Friday, December 28, 2012

Would You Endorse the NRA and Support Their Positions for $1 million a Year?

The Dismal Political Economist Wouldn’t, But He Might Think About It

The finances of the NRA, the people committed to making sure that there is no barrier to any American owning multiple assault weapons with large magazine clips is public information.  So one reporter at Forbes magazine decided to take a look.

The NRA is big business.  It’s revenues topped the $225 million level.  Where was the money spent?
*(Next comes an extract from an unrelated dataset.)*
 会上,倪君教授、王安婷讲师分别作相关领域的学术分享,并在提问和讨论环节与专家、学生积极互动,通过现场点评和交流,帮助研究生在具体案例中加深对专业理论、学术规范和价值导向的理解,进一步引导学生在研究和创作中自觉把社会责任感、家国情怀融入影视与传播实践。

About $33 million went to salaries and wages (not including the top brass), $28 million went to advertising and promotions. By far the biggest items were membership outreach: $57 million for membership communications, $24 million for printing and shipping, $16 million for educational programs. Just about $10 million went to the NRA’s lobbying arm, the Institute for Legislative Action.
More than $12.7 million went to Akron-Ohio based InfoCision, a huge telemarketing company that lists a broad spectrum of blue chip non-profits as clients– including Smile Train, the American Diabetes Association, Easter Seals and Unicef—as well as the College Republican National Committee and companies like Time Warner and AT&T.
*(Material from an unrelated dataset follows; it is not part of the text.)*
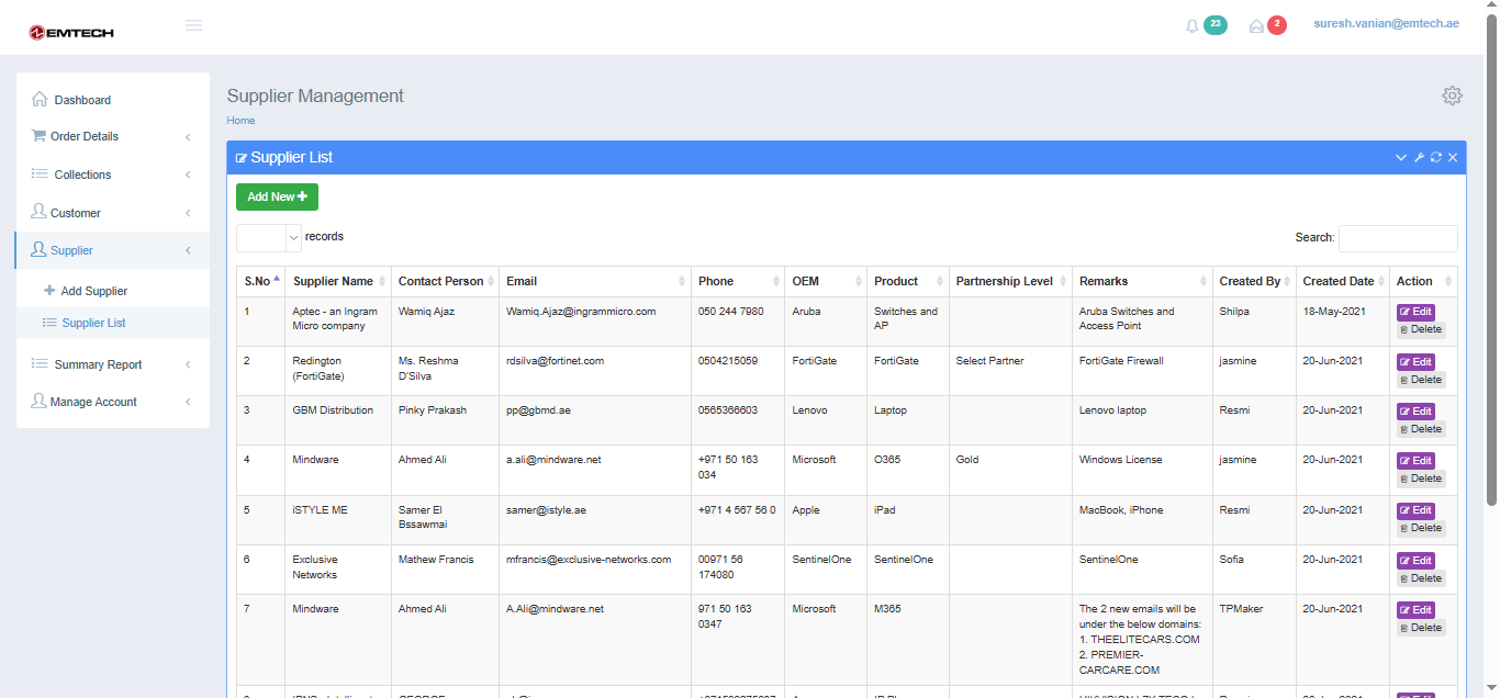 Supplier List

Ah yes, less than 10% of the money raised goes towards programs to promote propert gun handling, gun safety and other instructional activities.  Or other words, most of the money the NRA raises is used to spend money on raising money for the NRA and paying really nice salaries.  So working for the NRA is a nice job.
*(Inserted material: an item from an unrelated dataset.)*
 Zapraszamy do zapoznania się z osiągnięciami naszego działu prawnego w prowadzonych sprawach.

As for salaries, fifty-six people in the organization earned more than $100,000 in 2010—and 10 made more than $250,000. Lapierre does not top the list. Kayne B. Robinson, the executive director of general operations does. He was paid just over $1 million. Lapierre was second, pulling in $970,000 in reportable and estimated comp.
Chris W. Cox, the executive director of the group’s lobbying efforts, was third. He earned just over $666,000.

No, The Dismal Political Economist is not sure what any of this means with respect to the debate over gun rights and the right to possess weapons subject to zero regulation and control.  He just thought it was interesting that not only do people that work for the NRA get to fulfill their lifelong dream of making automatic weapons available for everyone, they also make a nice living off of doing so.